Chamber Music
• Not everyone likes chamber music. Arthur Catterall used to lead the BBC Symphony. One day, he was in a taxi when the driver looked at his violin and asked if he ever played on the radio. When Mr. Catterall replied that he did, the cabbie asked, “Do you ever take part in those Sunday afternoons of chamber music?” Mr. Catterall replied in the affirmative, so the cabbie stopped his taxi, opened the door, and said, “Well, you can jolly well walk!”

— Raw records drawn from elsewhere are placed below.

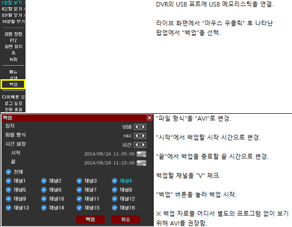 1. AVI백업파일로 실행시 즉시 영상확인 가능 (추천)
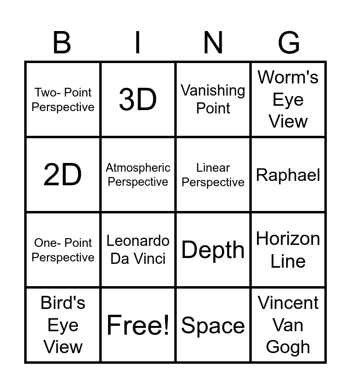 This bingo card has 16 words: Free!, Horizon Line, Vanishing Point, Two- Point Perspective, One- Point Perspective, 3D, Depth, Space, 2D, Atmospheric Perspective, Bird's Eye View, Worm's Eye View, Leonardo Da Vinci, Raphael, Linear Perspective and Vincent Van Gogh.
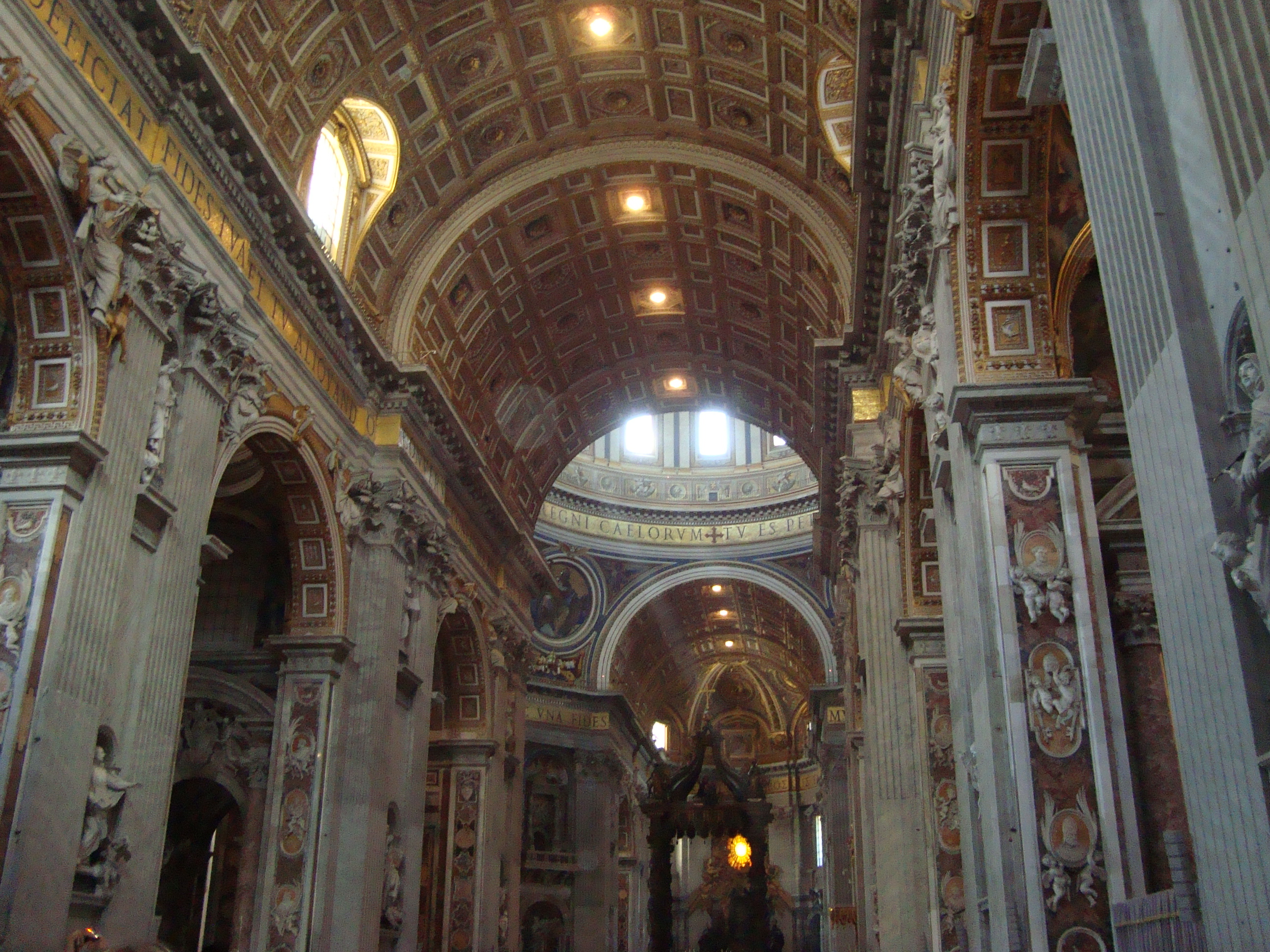 Întotdeauna este coadă la bilete acolo și timpul de așteptare este de minim jumătate de oră. Se poate vizita catedrala, criptele și se poate urca în turn. Interiorul de la San Pietro este impresionant. Cea mai mare catedrală a lumii uluiește prin dimensiunile gigantice și prin capodoperele de artă expuse. Locul nostru preferat este turnul catedralei. Pentru a ajunge acolo se urcă vreo 500 de scări, jumătate din drum putând fi făcut cu liftul. Vederea de sus este probabil cea mai frumoasă din Roma, peste piața San Pietro și peste întregul centru istoric al orașului de pe 7 coline. După efortul de pe scări ni s-a făcut foame. Numai bine, nu departe de piață se află o terasă unde se poate mânca o pizza excelentă cu vedere la Vatican.
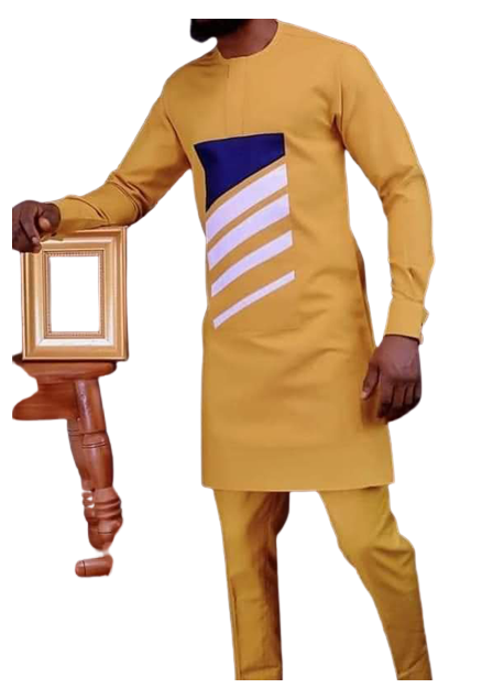 Ensemble Tunique Homme Manches Longue de couleur jaune /Noir- Fait en coton glacé et sans broderie extraordinaire- Propre et pratique pour vos différentes prestations- Disponible en taille L et XL
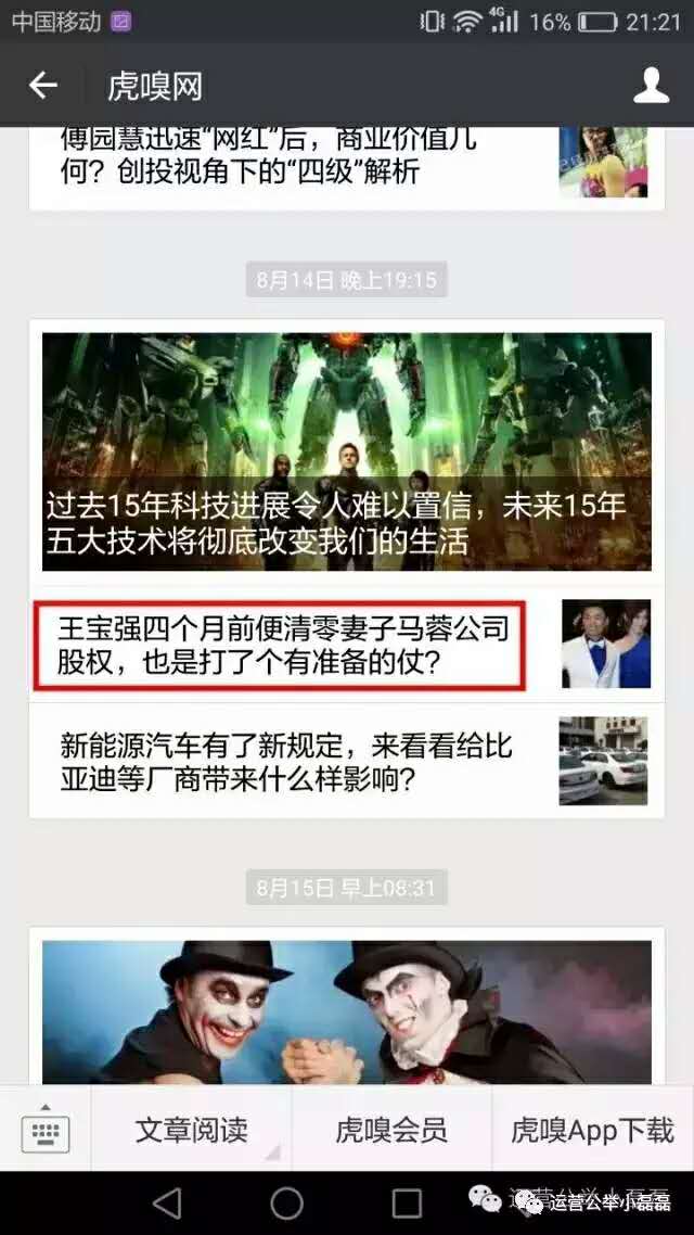 在小編看來(lái),原生廣告甚至可以是公眾號(hào)某文章的100%內(nèi)容,例如“虎嗅網(wǎng)”以報(bào)道商業(yè)資訊而出名,其公眾號(hào)閱讀量少則三四萬(wàn),多點(diǎn)七八萬(wàn),有科技內(nèi)容、創(chuàng)業(yè)內(nèi)容、互聯(lián)網(wǎng)熱點(diǎn)、連王寶強(qiáng)的八卦也追……

• Chamber music can be very expensive. Thomas Beecham spent much of his own money on music. Once, a gentleman from the United States who had been donating much money to an orchestra compared notes with him. After their talk, the American gentleman said, “Well, sir, I guess that every time some guy draws a bow across a fiddle, you or I sign a check for a thousand dollars.”
Children
• When he was an old man, Sir Thomas Beecham conducted a Sir Robert Mayer Children’s Concert. He slowly walked to the conductor’s chair, and then spoke to the audience of children, saying, “Ladies and gentlemen, my slow progress to the conductor’s desk was due not to any reluctance on my part to conduct before so distinguished an audience. My slow progress was due entirely to the infirmity of old age. Our first piece is by Mozart. It was composed when he was at the age of …” — here Sir Thomas pointed to a small boy in the audience — “at your age, sir.”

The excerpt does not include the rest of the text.